Sears just sold its last asset that had any real value. Trouble ahead?
The retailer received $2.7 billion in a sale of 235 Sears and Kmart locations to Seritage, a newly public REIT, but those were its last assets of any real value.
by Richard Collings
The $2.7 billion Sears Holdings Corp. (SHLD) has received from completing the sale of 235 Sears and Kmart locations to a newly public REIT will buy the troubled retailer about 30 months of liquidity, but it's also the last asset the company had to sell that carried any real value.
Sears announced on July 7 that it received the $2.7 billion from Seritage Growth Properties (SRG), which began trading publicly on Monday.
The sale of real estate by Hoffman Estate, Ill.-based Sears also included 50% stakes in separate joint ventures with Simon Property Group Inc. (SPG), General Growth Properties Inc. (GGP) and Macerich Co. (MAC).
The $2.7 billion in proceeds will be used to help the department store operator continue its turnaround as it transitions to an asset-light model.
The cash is badly needed, with Sears burning through more than $1 billion a year. Robert Schriesheim, Sears' CFO, wrote in a Dec. 5 blog post on the retailer's website that the company's annual cash burn might be reasonably pegged at about $1.06 billion.
Seritage was able to fund the purchase of the real estate with the $1.6 billion raised from the successful rights offering by Sears on July 6 to its shareholders for shares in the REIT. The remainder of the $2.7 billion Seritage paid was likely to have been financed with debt, which Sears previously said was likely.
But while the cash will temporarily shore up the finances of a retail giant bleeding cash, it is Sears Holdings' last asset that retains any real value.
If Sears Holdings were to run out of cash at this stage, nothing is left to liquidate to keep its operations afloat, according to industry observers tracking the company.
Investors just over the past few trading days have bid Sears' shares down from $25.53, where the stock traded as of July 2. On Wednesday, Sears closed at $24.13, down 4.78% from Tuesday's $25.34 finish.
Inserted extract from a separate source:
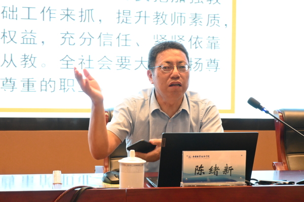 报告会上,陈绪新围绕“弘扬教育家精神,争做时代大先生主题”,从十项准则、平语近人、教育家精神、时代大先生四个方面,以生动的语言、新颖的观点、鲜活的案例,剖析了教育家精神的内涵价值和实践要求,分享了在教育实践中从“大视野、大智慧、大学问、大格局、大德行、大境界”六个方面着手争做大先生的经验和感悟,为与会人员进行了深入浅出、精彩生动的辅导,为教师如何“以思想的魅力引领人、以知识的魅力摄动人、以人格的魅力熏陶人、以艺术的魅力吸引人、以激情的魅力感化人”带来了深刻启发。
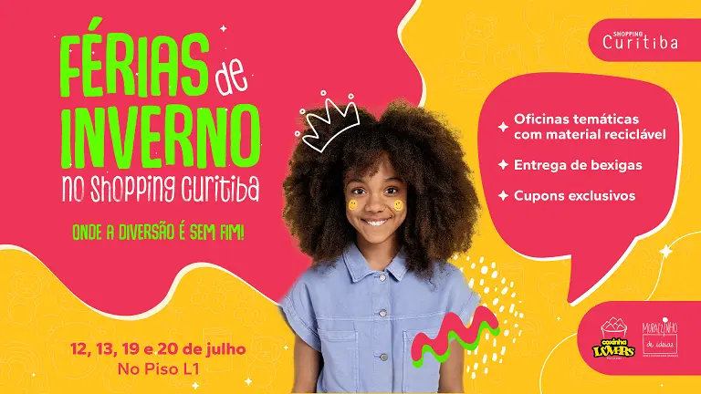 O Shopping Curitiba preparou uma agenda especial para as férias escolares de inverno. Nos dias 12, 13, 19 e 20 de julho, os pequenos poderão soltar a imaginação em oficinas que misturam arte, diversão e sustentabilidade. As atividades serão temáticas, utilizarão material reciclável, e acontecerão das 14h às 17h, no Piso L1. As inscrições são gratuitas e podem ser feitas na hora. Confira a programação.

The lack of investor confidence is not surprising, considering Sears' liabilities, which include not only debt, but also unfunded pension obligations.
Sears Holdings had $286 million in cash on its balance sheet as of May 2, according to a Form 10-Q filed with the Securities and Exchange Commission on June 8, as well as a total of $3.88 billion in debt.
The debt includes $104 million in unsecured commercial paper and $200 million on secured short-term loan from affiliates of the hedge fund ESL Investments Inc., which Sears chairman and CEO Edward Lampert controls.
Sears also has $1.2 billion in outstanding 6.625% second-lien notes due Oct. 15, 2018, and $625 million in 8% senior unsecured notes due Dec. 15, 2019. In addition to the debt, Sears has about $2.3 billion in pension obligations.
Meanwhile, Sears has leased back a majority of the properties it has sold to Seritage as part of the transaction.
"By separating a portion of Sears Holdings' real estate portfolio into a new, publicly traded company, and leasing back the space, we are substantially enhancing Sears Holdings' financial flexibility and significantly transforming our capital structure toward one that is more flexible, long-term oriented and less dependent on inventory and receivables," said Lampert in a statement.